# Perfect 5



## lperry82 (Aug 2, 2010)




----------



## Filfullover (Jul 20, 2011)

Aww! They are So Adorable!!!


----------



## DairyMay (Jun 18, 2011)

the cutest facial expression ever!!!


----------



## lperry82 (Aug 2, 2010)

Lol yea they are so adorable


----------



## Hadley (Jun 12, 2011)

gorgeous


----------



## This'll Do (Jun 24, 2011)

How did you _ever_ get the little wiggles to stay still for those pics?
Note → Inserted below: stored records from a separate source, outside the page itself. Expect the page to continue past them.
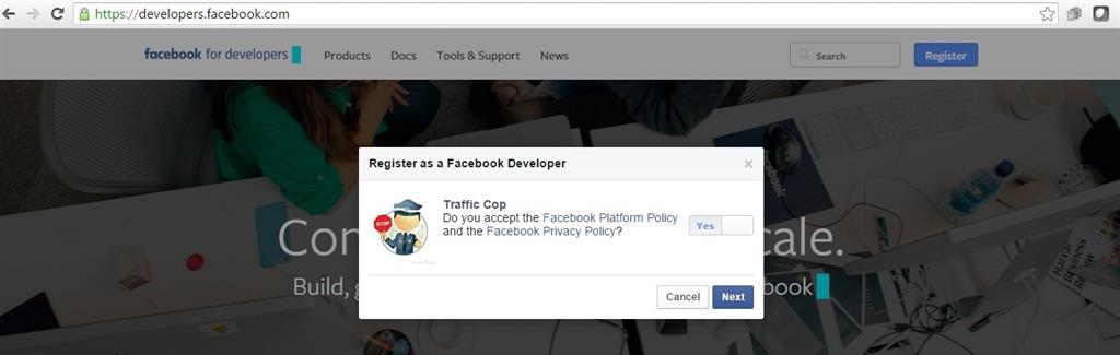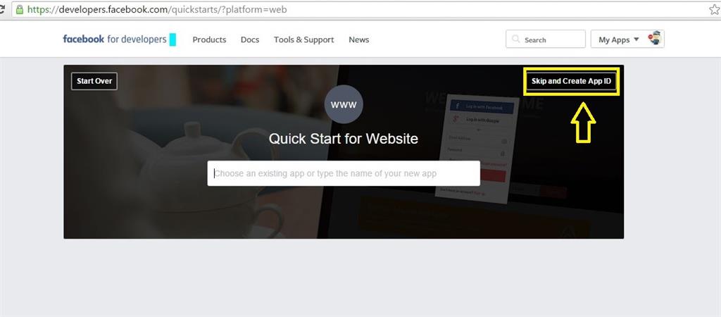 Visit Facebook Developer Page as in the following screenshot: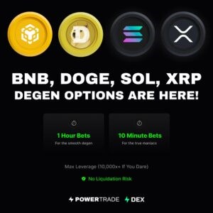 Kingstown, Saint Vincent and the Grenadines–(Newsfile Corp. – June 26, 2025) – PowerTrade, the leading altcoin options exchange, has officially expanded its ultra-short-dated option offerings to include four major altcoins: BNB, DOGE, SOL and XRP. Traders can now access 10-minute and 1-hour expiries across these markets with zero fees, no liquidations, and over 10,000× effective leverage—on both the centralized PowerTrade platform and decentralized PowerDEX available on Base, Ethereum and Solana.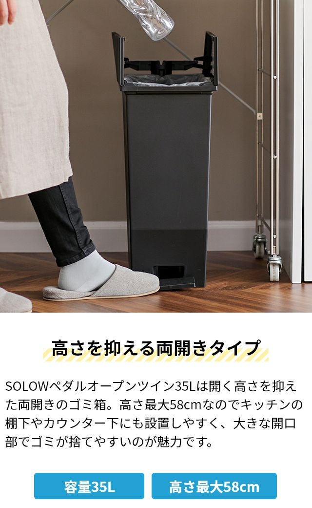 他の画像を見る 高さを抑えた両開きペダル式ゴミ箱35L ソロウ 【選べる豪華特典】 ゴミ箱 ペダル式 ペダルオープンツイン 35L GSLW0 ペダル式ゴミ箱 ゴミ箱 ダストボックス 35l 足踏み スリム 蓋付き 両開き 横開き 分別 棚下 キャスター フタ付き 日本製 バタフライ ペダル 袋止め SOLOW 当店特別価格 ¥ 4,070 税込 詳細を見る お気に入りに登録する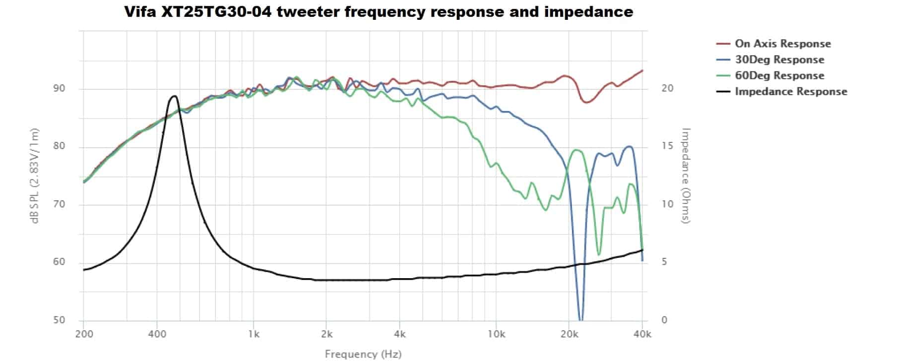 When we actually measure them, we can see that the tweeter is actually louder by a couple of decibels. This can happen for several reasons. First of all, you have to take the parameters quoted by the manufacturer with a grain of salt. It even says +/- 1 dB on the tweeter spec sheet. Secondly, you have to take into account the acoustic centers of the speakers, which is considered to be in the place of the voice coil. While both speakers are mounted flush on the baffle, the acoustic center of the mid-bass is around the magnet area, which is behind the tweeter. Therefore, the tweeter is actually in front (acoustically), compared to the mid-bass. Since it’s in front, it will be a tad louder.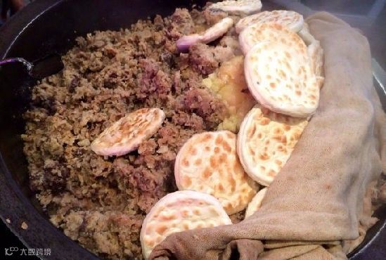 腊汁肉夹馍是陕西一绝。肉要选用上等的猪肋条,以秘制老汤炖至肉色金黄,肉质酥烂,剁成米粒大小肉块,夹到刚烙好的馍里,趁热咬一口,馍酥脆入口即化,肉糜烂汤汁香浓。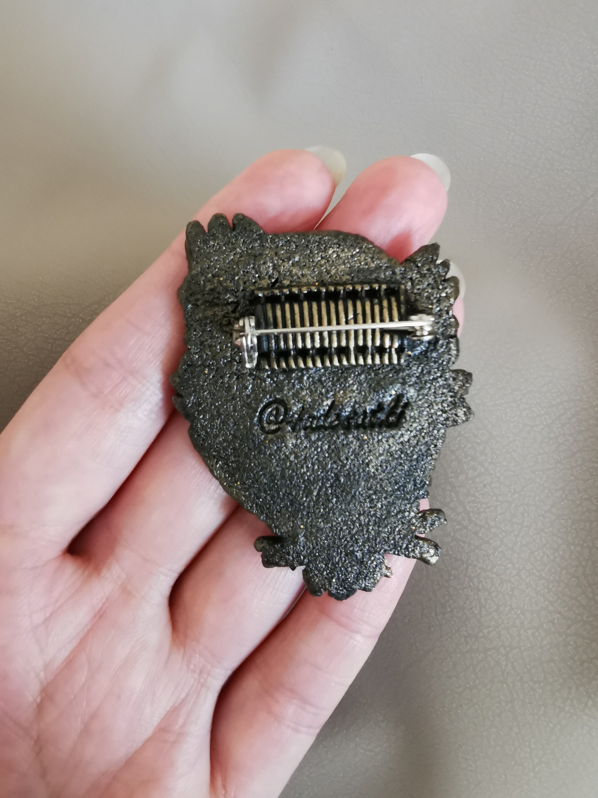 Материалы: полимерная глина, кабошоны, пигменты, булавка с противоугонным замком, краски для глаз, лак.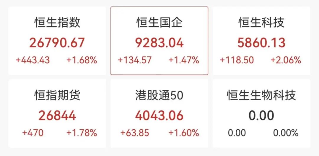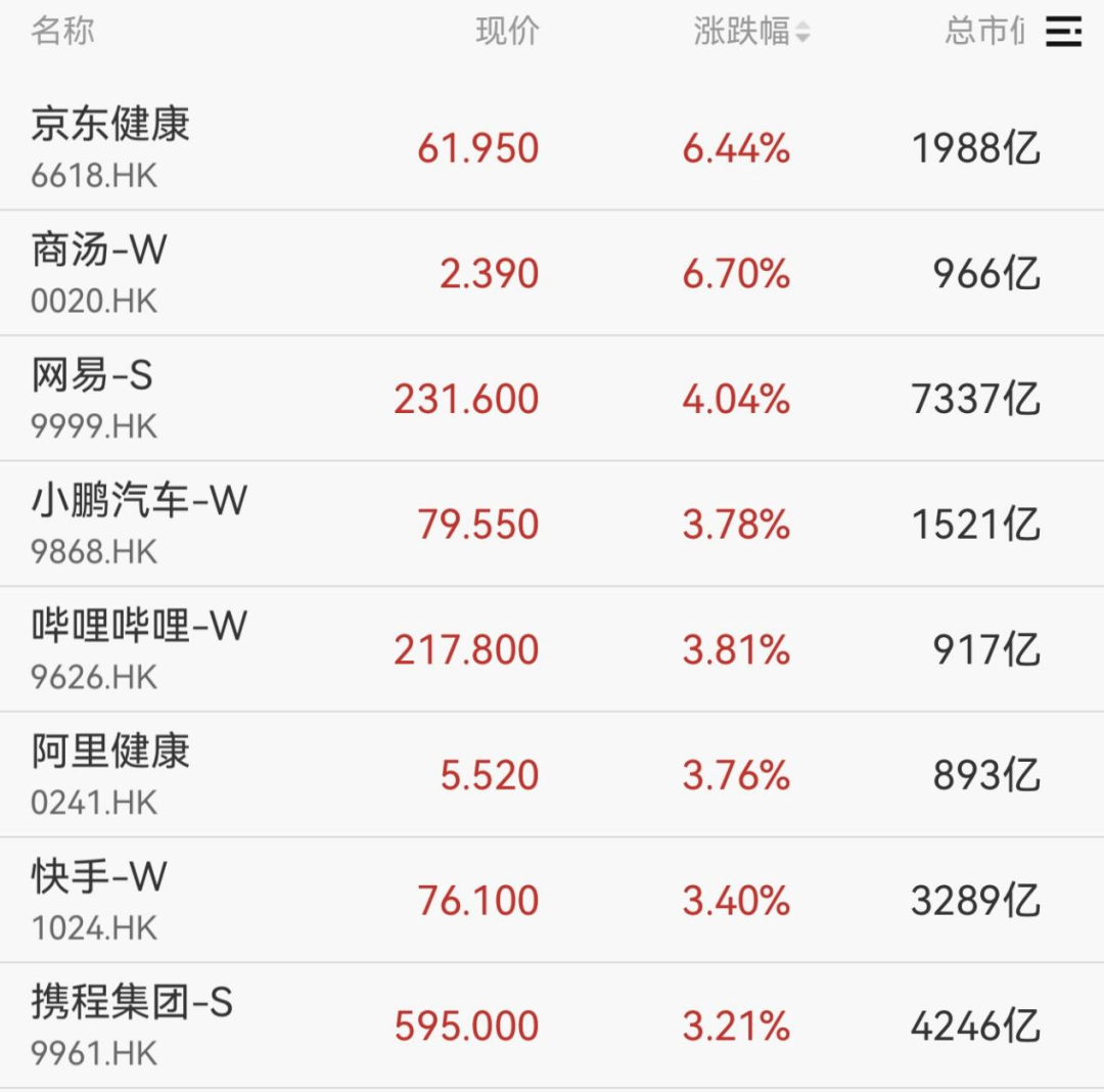 港股方面,恒生科技指数涨超2%,京东健康、商汤、网易等涨幅居前。

p.s.-- your new sig is great!


----------



## lperry82 (Aug 2, 2010)

I have no idea how they stayed liked that lol luck i guess ha ha


----------



## Renae (Feb 9, 2008)

Aww, bless them, can't get any sweeter.


----------



## Filfullover (Jul 20, 2011)

DairyMay said:


> the cutest facial expression ever!!!


Aww! I agree!  They are just so cute!


----------



## lperry82 (Aug 2, 2010)

Aww thank you


----------



## lovelyolivia (Jun 3, 2011)

I'll place my order for (4) of them!! You can just send them by web e-mail!! LOL
Honestly, they are the cutest ever What a beautiful "bunch"!!


----------



## lperry82 (Aug 2, 2010)

Which 4 would you go for ? they are gorgeous lol


----------



## MeanneyFids (Aug 24, 2010)

the first pic looks like they purposely all made funny faces


----------



## lperry82 (Aug 2, 2010)

lol yea i can see the funny faces now ha ha


----------



## nikol witch (Mar 2, 2010)

beautiful tiels


----------



## crinklepot (Nov 18, 2010)

They are SO cute!! Awwww I'm in love with them all  The grey in the middle has such lovely big eyes!


----------



## sandy1 (Feb 22, 2011)

omg omg they are ADORABLE :X:X:X:X:X


----------



## lperry82 (Aug 2, 2010)

crinklepot said:


> The grey in the middle has such lovely big eyes!


I call him little stumpy as he is taking forever to get his feathers in... poor little guy cant fly unlike the rest of them


Thank you all  more pics soon


----------



## Belinda (Oct 9, 2010)

Oi give Arnella back 

must say too, that your flock has just EXPLODED! in the last year.


----------



## lperry82 (Aug 2, 2010)

Ha ha yeah just keep on multiplying lol 
more on the way  so im going to pull these lot and remove the box


----------